Abstract

Results of previous studies about the effect of Kangaroo Mother Care (KMC) on hospital management indicators (HMIs) (length of stay [LOS], readmission to hospital, parent satisfaction, and parent's preference for same postdelivery care) had high confusions. The aim of this study was to conduct a systematic review and meta-analysis of randomized controlled trials on the effect of KMC on HMI in comparison with the conventional neonatal care (CNC). In this systematic review and meta-analysis study, required data were collected by searching the following keywords: “length of stay,” “readmission to hospital,” satisfaction,” same post-delivery,” “hospital management,” indicators, “skin-to-skin,” “Kangaroo Mother Care,” randomized trial. The following databases were searched: Google Scholar, PubMed, EMBASE, Scopus, and Cochrane. To estimate the hospital management indicators, computer software Comprehensive Meta-Analysis 2 was used. Finally, 18 articles were included to analysis. The overall LOS standard different between groups (KMC vs. CNC) was − 0.91 days (95% confidence interval [CI], −2.14–0.32, Q = 25.6, df = 10, P = 0.004, I2 = 60.98). The overall readmission to hospital standard different between groups was − 1.78% (95% CI, −1.21%–0.86%, Q = 0.024, df = 1, P = 0.87, I2 = 0.00).
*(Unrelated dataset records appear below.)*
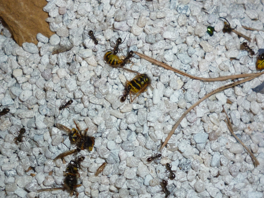 Heute gab es als besonderen Festschmaus eine Portion zerschnittener Wespen. Auf den Bildern lassen sich die Größenunterschiede zwischen den :aa: gut erkennen. Nach etwa einer Viertelstunde war der Zauber schon wieder vorbei, und die Ameisen hockten mit der Beute im verschlossenen Nest.
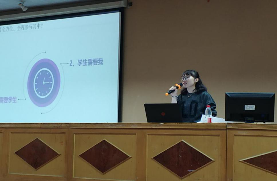 首先为大家做分享的是易亭亭老师,她曾荣获2013年湖南省社会实践优秀指导者,2017年研究生暑期专业实践优秀指导老师,她所带领的团队分别荣获校级二、三等奖。易老师站在辅导员角度向研究生们分享了她的心得,她主要讲述了研究生暑期专业实践与本科生暑期实践的区别,并分享了她作为指导老师,在暑期实践中的收获,及在实践中应该注意问题等。最后,易老师呼吁,研究生应该要有更崇高的理想与志向,脚踏实地,做一名有社会责任感的青年。
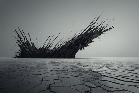 Water droplets splash on the cracked ground
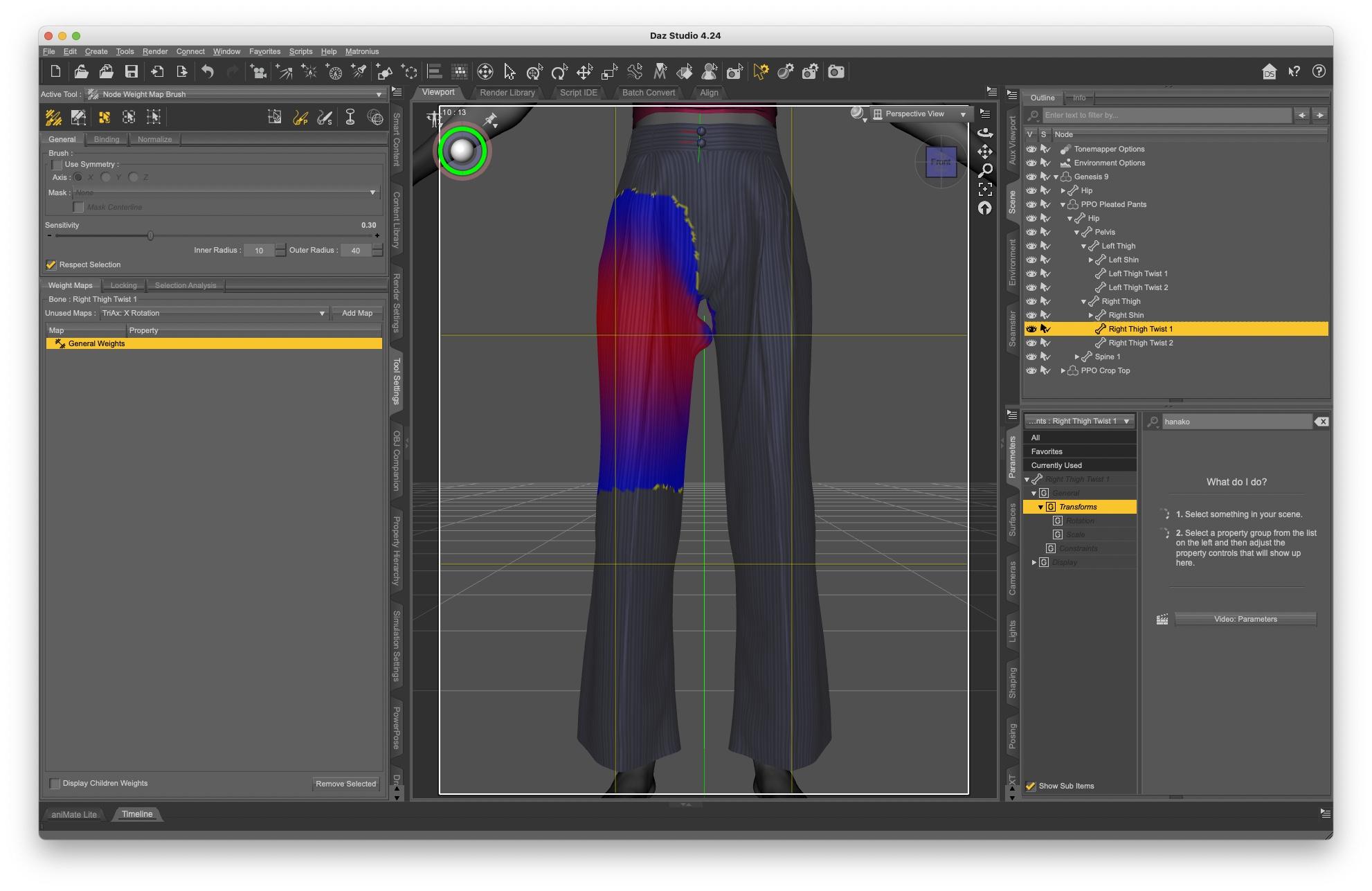 1) With Node Weight Brush, select the bone: Left Thigh Twist 1, then Shift + L, select the polygons that have wrong weight on right thigh. Then Fill Selected with 0 Weight from right-click menu. (screenshot 1). Fix the weight mapping on Left Thigh Twist 2, Right Thigh Twist 1 and Right Tight Twist 2 in the same way ~~

The overall parent satisfaction standard different between groups was 5.3% (95% CI, −32.4%–43%, Q = 0.052, df = 2, P = 0.97, I2 = 0.00). The overall standard different between groups was 16.2% (95% CI, −24.7%–57.1%, Q = 0.040, df = 1, P = 0.84, I2 = 0.00). KMC improves HMI but not significantly. According to the current study result and other studies that report positive effect of KMC on health status of the newborns and parents, implemented of KMC in low- and middle-income countries recommended.